→ Exercise aim:
With the images removed, return every line below exactly as it reads.

→ Data:
□ □ □ □ □

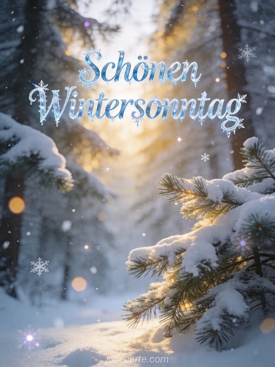 Senden Sie einen friedlichen Gruß zum Wintersonntag mit dieser stillen Karte aus verschneitem Wald, Tannenbäumen und sanftem Schneefall. Entdecken Sie auch schönen sonntag, nachricht von schönen sonntag oder guten morgen schönen sonntag animiertes gif.
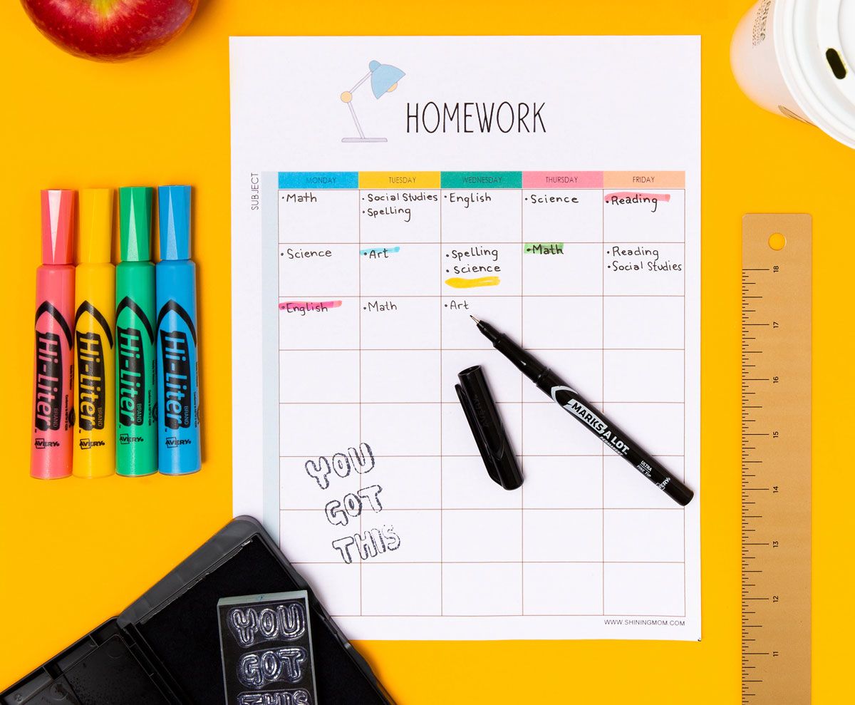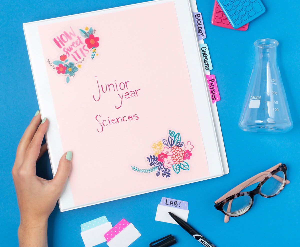 Next, create your own dry-erase schedules and calendars with sheet protectors and self-laminating sheets so you never miss a beat. Then, grab repositionable tabs, highlighters and color-coding labels to stay organized all year long. You can even color-code binders by subject using free binder cover templates.
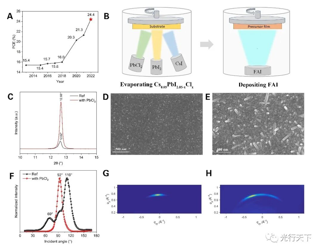 真空蒸镀钙钛矿电池效率进展图、蒸镀工艺示意图和前驱体形貌表征图
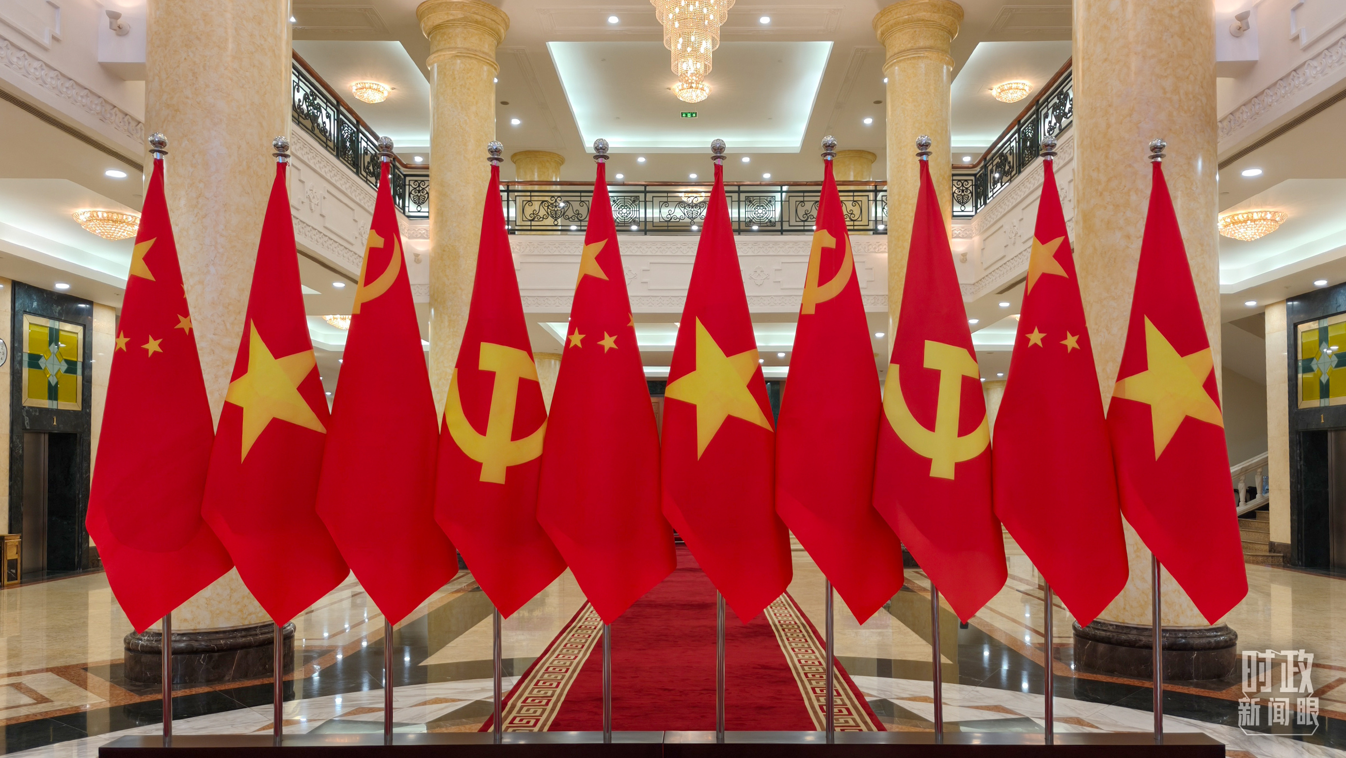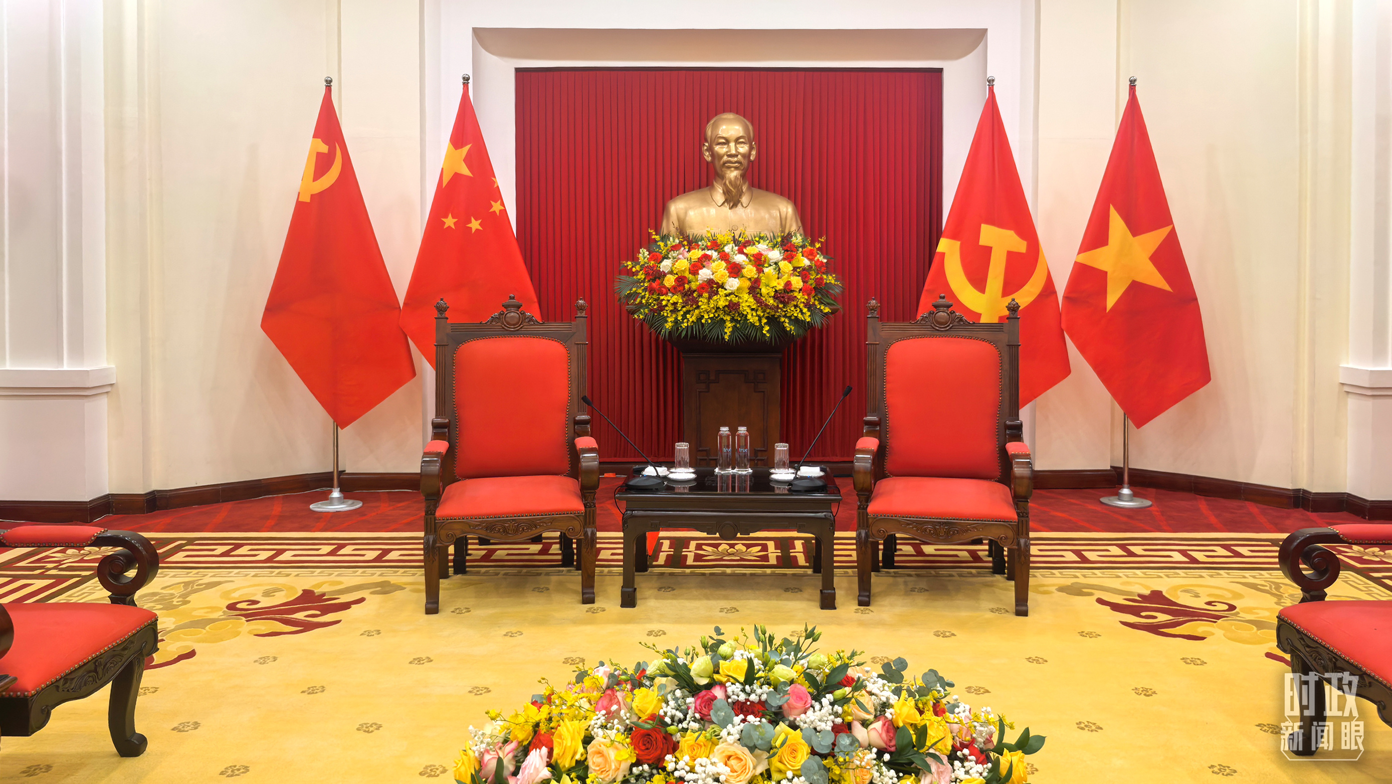 越共中央駐地?cái)[放的中越兩黨兩國旗幟。(總臺(tái)央視記者楊立峰拍攝)

□ □ □ □ □

→ Result of the exercise:
 Senden Sie einen friedlichen Gruß zum Wintersonntag mit dieser stillen Karte aus verschneitem Wald, Tannenbäumen und sanftem Schneefall. Entdecken Sie auch schönen sonntag, nachricht von schönen sonntag oder guten morgen schönen sonntag animiertes gif.
 Next, create your own dry-erase schedules and calendars with sheet protectors and self-laminating sheets so you never miss a beat. Then, grab repositionable tabs, highlighters and color-coding labels to stay organized all year long. You can even color-code binders by subject using free binder cover templates.
 真空蒸镀钙钛矿电池效率进展图、蒸镀工艺示意图和前驱体形貌表征图
 越共中央駐地?cái)[放的中越兩黨兩國旗幟。(總臺(tái)央視記者楊立峰拍攝)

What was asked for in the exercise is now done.